First, one might mention a lack of validation with established measures (e.g., the Sensation Seeking Scale). However, the concurrent validity of the inventories has been well established in the original since we validated constructs which already put those inventories in relation to established measures (Barlow et al., 2013; Woodman et al., 2013), validating the three scales with one another was seen as sufficient. Second, both the exclusion of SEAS items and structural validation was done in the same sample. This approach might result in biased estimates for structural validation. Future studies using the G‑SEAS might consider calculating indices for internal consistency and factorial structure. As discussed there are several strengths resulting from the differences in the factor structure of the G‑SEAS; nevertheless, a limiting factor is that because of those differences, the G‑SEAS and the original SEAS cannot be used to directly compare German- and English-speaking populations. This study has provided evidence for a three-factor structure for each of the G‑SEAS scales. Without collecting new data in both German- and English-speaking populations to carry out a measurement invariance analysis, it is not possible to make direct comparisons between data collected using the SEAS and G‑SEAS. We would recommend that this analysis be carried out using BSEM as the differences in factor structures of the SEAS and G‑SEAS may be due to differences in analytic methodologies. Therefore, we recommend that G‑SEAS should be used in German-speaking populations and should not be used to make direct comparisons with data collected using the SEAS. Interscale correlations do not differ between the 14-item and the 18-item German version; this suggests that despite missing 4 items, the G‑SEAS still measures identical constructs. Another limitation which is not necessarily tied to this research only is the in our opinion problematic operationalization of high-risk sports. Despite the definition we cited at the beginning of the introduction, we think future research might benefit from a more detailed definition including additional components related to skills and experience. Though this is beyond the scope of this article, it is worth mentioning that researchers in high-risk sports need to address this problem in future studies.

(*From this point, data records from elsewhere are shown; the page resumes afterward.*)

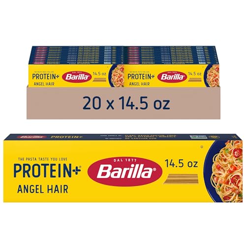 BARILLA PROTEIN PLUS PASTA: Good source of plant-based protein with a classic taste, simple ingredients, and angel hair pasta shapePROTEIN PLUS ANGEL HAIR PASTA: Each 14.5 ounce box contains about 7, 2-ounce servings of plant based pastaPLANT BASED PASTA: Made with 17g of 100% plant-based protein from lentil flour, pea protein and chickpea flour per 3.5 oz. serving—it's a good source of fiberKOSHER CERTIFIED and NON-GMO PASTA: Barilla protein pasta is Non-GMO Project Verified, kosher certified and is made in the USAGREAT WITH YOUR FAVORITE SAUCE: Protein Plus tastes great served with pesto sauce or your favorite marinara sauce Protein Plus pasta pairs well with vegetable pasta sauce, cheese sauce, oil or butter-based pasta sauce and meat sauceBARILLA PROTEIN plus : A delicious alternative to other brands of high protein pasta, protein spaghetti, protein noodles and other types of high protein foodPERFECTION IN UNDER 10 MINUTES: Boil 4–6 quarts of salted water, add pasta and boil for 4 minutes (add 1 or 2 extra minutes for more tender pasta), drain pasta and top with your favorite Barilla pasta sauceANGEL HAIR PASTA: Dress up angel hair with lobster or hearty pesto and pepper sauceGet inspired with Barilla Enjoy the full range of Barilla pasta and pasta sauces, including Ready Pasta, Protein plus Pasta, Whole Grain Pasta, Gluten Free Pasta, Chickpea Pasta and Red Lentil Pasta.Get inspired with Barilla Enjoy the full range of Barilla pasta and pasta sauces, including Ready Pasta, Protein plus Pasta, Whole Grain Pasta, Gluten Free Pasta, Chickpea Pasta and Red Lentil Pasta.
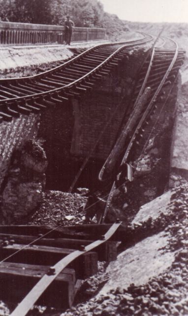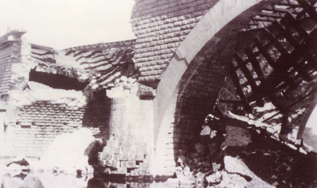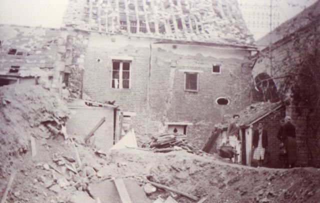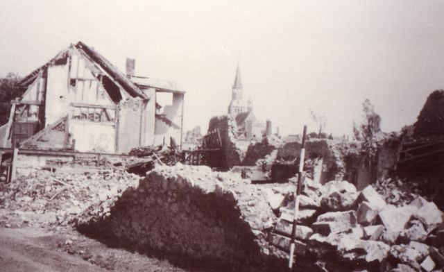 The US Air Force bombed the town just before the liberation. They were aiming for the railway bridge; but unfortunately they missed the bridge completely; although not by much! You can see it next to the remains of one of the houses.
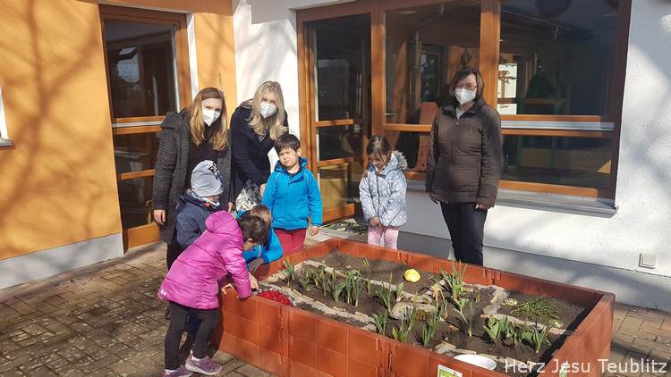 In ökumenischer Verbundenheit gestalteten die Kindergärtnerinnen einen spirituellen Pflanzgarten mit den Kindern. Die ganze Fastenzeit hindurch wurden das Hochbeet von den Kinder bepflanz und gestaltet. Im scheinbar leblosen Beet wuchsen über die Wochen blühende Pflanzen. „Die Kinder können sinnlich begreifen, dass nach dem Tod das Leben wartet.“, erzählt Kindergärtnerin Monika Böhm.
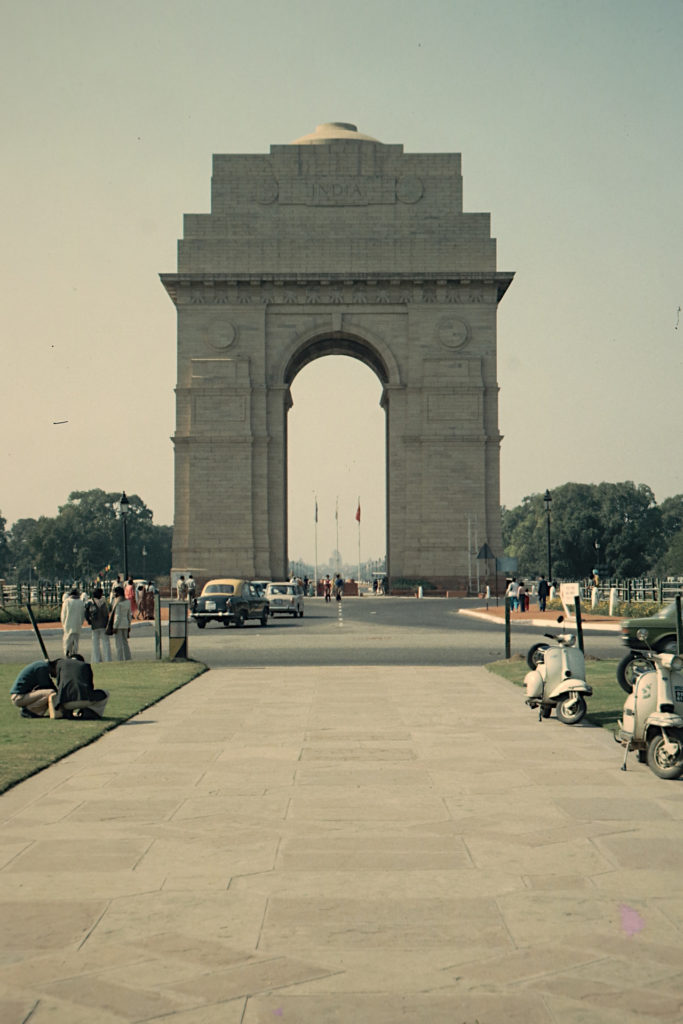 Frühstück gehabt, heute hat alles irgendwie zu! Keine Deutsche Welle mehr zu bekommen. Nachmittags zum India-Gate gelaufen und nach dieser De-Luxe-Bus-Station gesucht – nichts! Völlig entnervt und total kaputt zurück gekommen, noch Infos bei India Airl. eingeholt, was gegessen und tatsächlich noch 5Rs für Ekkes Morgendusche aufgespart. Am India Gate liefen die Vorbereitungen für die Parade. Sichtblenden und Tribünen. Ich kann verzichten. Entweder viel Geld ausgeben für einen „Logen-Platz“ oder Gestoße und Totgedrücke in Kauf nehmen. Abends dann noch ein USSR-Info-Zentrum gefunden.
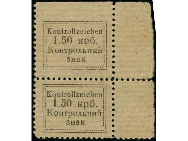 1941, 1,50 Krb. auf dünnem, waagerecht gestreiftem Papier, senkrechtes Paar aus der rechten oberen Bogenecke, Type V bzw. II, oben ungezähnt, senkrecht eine Blindzähnung verlaufend, ohne Gummi, tadellos, die Auflage der Type V betrug nur 52 Exemplare, in dieser Form sehr selten und attraktiv, sign. Mikulski und Fotoattest Brunel (2024)
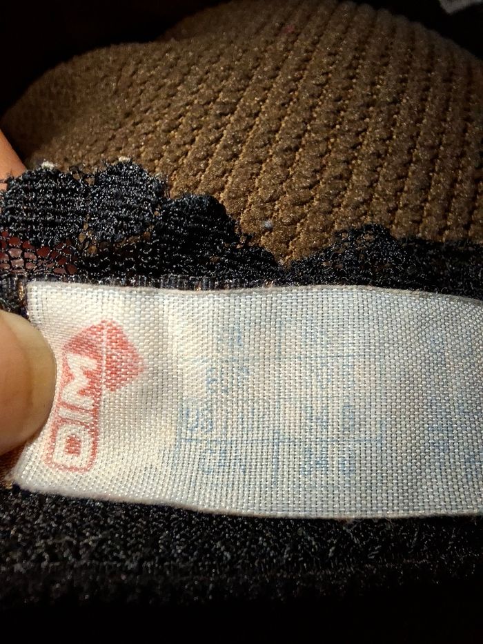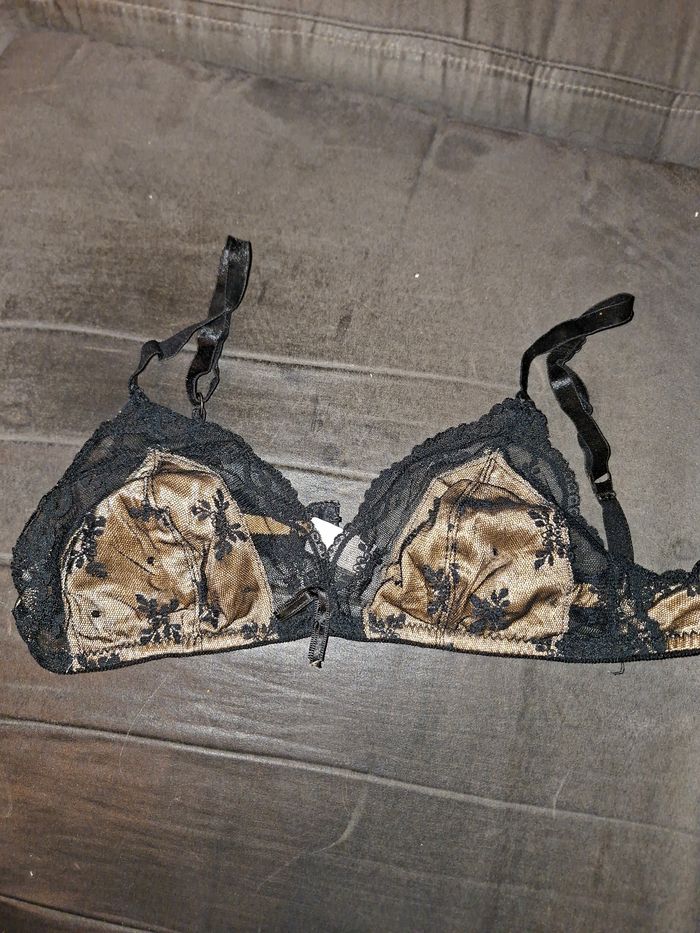 Vends ce joli soutien-gorge de la marque DIM, modèle triangle sans armatures pour un confort optimal et un galbe naturel. ​Taille : 85B ​Design : Alliance chic d'une dentelle noire travaillée et d'un tissu satiné de couleur doré/bronze. ​Finitions : Bretelles réglables, fermeture par double agrafage (3 positions), petit nœud satiné à l'entre-sein. ​État : Bon état général. L'étiquette de composition est un peu effacée mais le soutien-gorge est parfaitement entretenu.
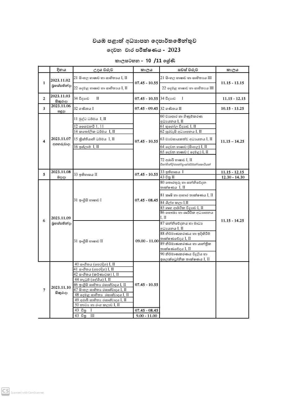 දෙවන වාර පරීක්ෂණය පැවැත්වීමට අදාළ සියලු වැඩ කටයුතු වයඹ පළාත් අධ්යාපන දෙපාර් තුමේන්තුව මගින් සම්පාදනය කර ඇති අතර 10 / 11 ශ්රේණිවල කාලසටහන පහත පරිදි වේ.
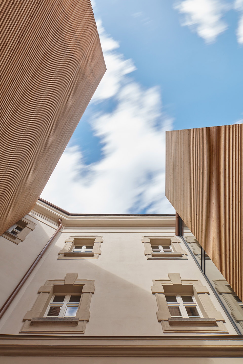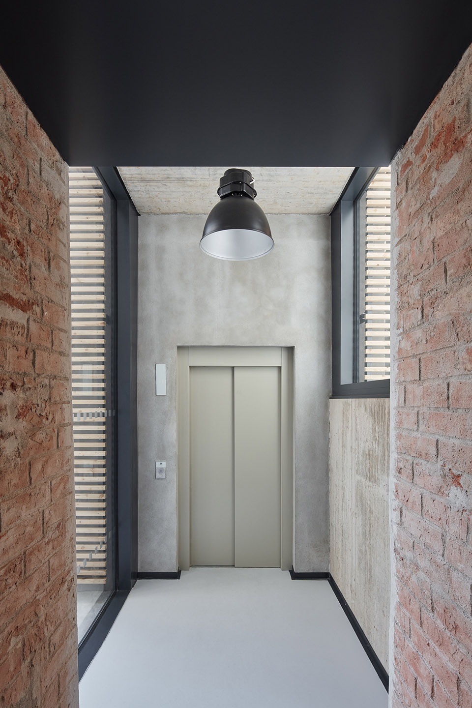 In contrast to the auditorium is a reconstruction of the original part of the historical pentagon, which was formally a court with a prison. Strictness, firm order, rigidity and oppressive atmosphere were clearly evident at the beginning of the undertaking and the authors were fully aware, that the premises will newly serve young people with open mind on their way to higher education. The motto became a colorful, inspiring and non-conforming environment, preserving the historical footprint. The traditional materials are in a visible, original form; the industrial character is fully linked to the auditorium. A sole chapter was the discovery and the engagement of historical footprints, return of the original ceramic floor or stone sills with traces of bars, which make for a great experience in the interior.
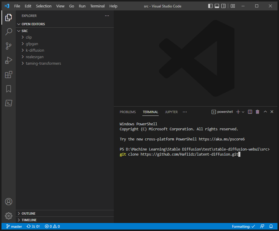 +2. You can do this by navigating to `/stable-diffusion-webui/src/` folder in your VSCode terminal, [git bash](https://user-images.githubusercontent.com/3688500/189250949-2d07dd66-1612-453f-ae23-5f7cd212f72d.png) or other relevant command prompt
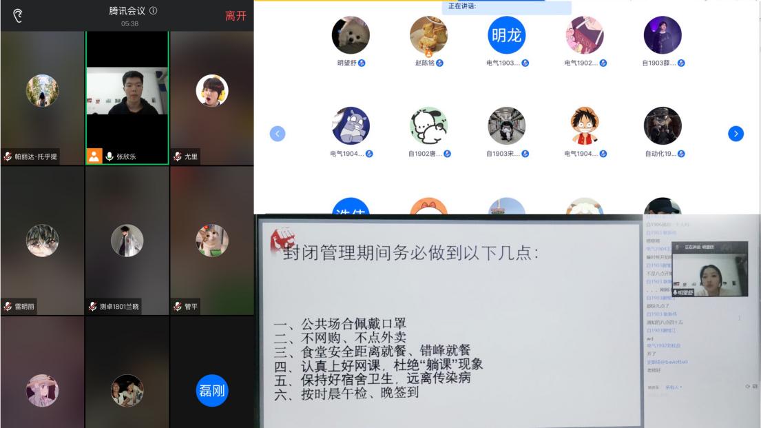 当晚,根据工作安排,电子工程学院各班召开线上疫情防控主题班团会。在各班的主题班团会上,辅导员就学校近日关于疫情防控的各项要求向学生们提出了封闭管理期间六准则:一是在校园公共场所严格佩戴好口罩;二是食堂就餐“错峰就餐、间隔就座”,购餐时要保持一米间隔;三是暂停线上购物与外卖,严禁通过围墙投递物品;四是认真上好网课,杜绝 “躺课”现象;五是保持宿舍卫生,远离各类传染病;六是做好晨午检、晚签到打卡,力争打卡率达到100%。

This study has a number of strengths, including the variation within the population; in addition to being of sufficient size, the sample included a number of different high-risk sports, participants from a variety of experience levels and of different ages and sexes, thus, ensuring a heterogenic sample population. The analytical methods used in this study should also be seen as another strength of this article. It has been shown that BSEM is a more appropriate method than traditional CFA methods as it better reflects the complexities of reality (Niven & Markland, 2016; Stenling et al., 2015).

Conclusion

The current study validated three different inventories for high-risk sports in German language (G-SEAS, G‑RTI, G‑ACCSI) and showed good internal consistency, discriminant validity, and a good model fit in all scales. The BSEM analyzes support a 14-item three-factor structure of the G‑SEAS despite the SEAS having a 18-item three-factor structure for While and Between and a two-factor structure for the After participation inventory (Barlow et al., 2013). The G‑SEAS is seen as an improvement to the SEAS since shorter questionnaires increase response rates (Nakash et al., 2006) and a three-factor structure might help to distinguish between agency and emotion regulation transfer effects in future studies. However, a limiting factor of the differences in the factor structure is that the G‑SEAS and SEAS cannot be used to directly compare German- and English-speaking populations with one another. Correlation analyses displayed relations between motivational and behavioral components of the high-risk sport activity with Sensation Seeking showing the highest correlation with deliberate risk-taking. The present study validated the three different inventories in German language, which is a first step towards the development of cross-cultural motivational and behavioral constructs in high-risk sport participants.